This post is a scratchpad demonstrating the building blocks available when writing on this blog. To start your own post, drop a new YYYY-MM-DD-slug.md into _posts/ and copy whatever frontmatter you need from the top of this file.

Markdown basics

Plain prose, italic, bold (note the accent color), and inline code all render as you’d expect. Hyperlinks like the Tokyo Night repo get their own accent and a hover state.

Premature optimization is the root of all evil (or at least most of it) in programming. — Donald Knuth

Bullets and numbered lists:

  • Step one is to read the spec.
  • Step two is to ignore the spec.
  • Step three is to draft a postmortem.
  1. Reproduce the bug.
  2. Isolate the smallest failing case.
  3. Fix it; add a regression test.

Code blocks

Triple-backtick fences with a language hint get full syntax highlighting via Rouge. The colors come from the Tokyo Night palette baked into assets/css/jekyll-pygments-themes-native.css.

def fibonacci(n: int) -> list[int]:
    """Classic, iterative — O(n) time, O(1) extra space."""
    a, b = 0, 1
    out = []
    for _ in range(n):
        out.append(a)
        a, b = b, a + b
    return out


print(fibonacci(8))  # [0, 1, 1, 2, 3, 5, 8, 13]
fn dot(a: &[f64], b: &[f64]) -> f64 {
    a.iter().zip(b).map(|(x, y)| x * y).sum()
}
# Spin up the local Jekyll dev server
export PATH="/opt/homebrew/lib/ruby/gems/4.0.0/bin:/opt/homebrew/opt/ruby/bin:$PATH"
bundle install
bundle exec jekyll serve --livereload

Math (MathJax 3)

Inline math sits between $$ ... $$ inside a paragraph — for example, the Bellman equation \(V^\pi(s) = \mathbb{E}_\pi\!\left[ R_{t+1} + \gamma V^\pi(S_{t+1}) \mid S_t = s \right]\) is short enough to flow with prose.

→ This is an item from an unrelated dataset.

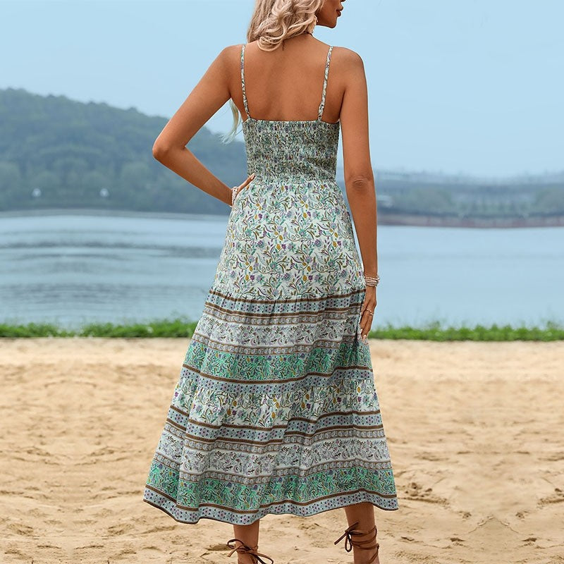 Elevate your summer wardrobe with a chic Floral Print Strappy Maxi Dress crafted from Viscose Fiber. This cute and versatile piece effortlessly blends casual and going-out looks for any occasion. Its spaghetti-strap neck and elastic waist offer a flattering fit, perfect for vacation vibes or beach outings.

Display math goes in its own paragraph:

\[J(\theta) \;=\; \mathbb{E}_{\tau \sim \pi_\theta}\!\left[ \sum_{t=0}^{T} \gamma^t r(s_t, a_t) \right]\]

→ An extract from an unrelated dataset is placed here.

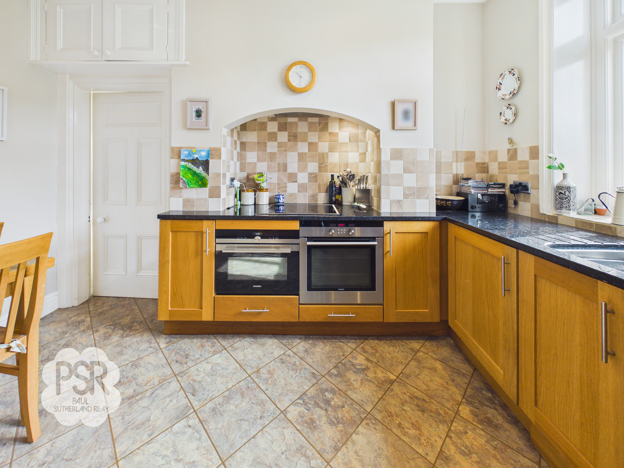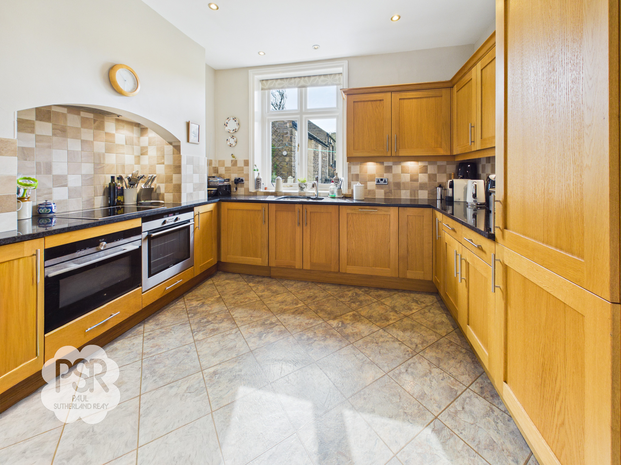 Kitchen with a hardwood double-glazed window to the rear elevation. The room is fitted with Shaker-style matching wooden wall and base units, complemented by granite worktops. Features include a one-and-a-half bowl stainless steel sink with chrome mixer tap, ceramic hob, two integrated ovens, and an extractor fan. Additional benefits include tiled splashbacks, integrated fridge freezer and dishwasher, tiled floor, radiator, and recessed ceiling spotlights.

Numbered equations work via the LaTeX equation environment, and you can \eqref them later:

\begin{equation} \label{eq:policy-gradient} \nabla_\theta J(\theta) \;=\; \mathbb{E}{\tau \sim \pi\theta}!\left[ \sum_{t=0}^{T} \nabla_\theta \log \pi_\theta(a_t \mid s_t) \, \hat{A}_t \right] \end{equation}

The policy gradient theorem in equation \eqref{eq:policy-gradient} is the workhorse behind REINFORCE, A2C, PPO, and friends.

Images

The simplest form is plain Markdown:

Tokyo Night palette swatch

For richer behaviour — captions, click-to-zoom, responsive sizing — use al-folio’s figure.html include:

A subset of the Tokyo Night palette this site is themed with.

Side-by-side images use a Bootstrap row with col-sm for each cell:

<div class="row">
  <div class="col-sm mt-3 mt-md-0">
    {% include figure.html path="assets/img/posts/sample/palette.svg" class="img-fluid rounded" %}
  </div>
  <div class="col-sm mt-3 mt-md-0">
    {% include figure.html path="assets/img/posts/sample/palette.svg" class="img-fluid rounded" %}
  </div>
</div>

Tables

Algorithm On-/Off-policy Action space Notes
REINFORCE on discrete + continuous High variance; use a baseline.
DQN off discrete Replay buffer + target network.
PPO on discrete + continuous Clipped surrogate objective.
SAC off continuous Entropy-regularized actor-critic.

Wrapping up

Once you’re comfortable with the format, delete this file and start populating _posts/ with the real stuff. Each post becomes a card on /blog/ and its own permalink at /blog/<year>/<slug>/.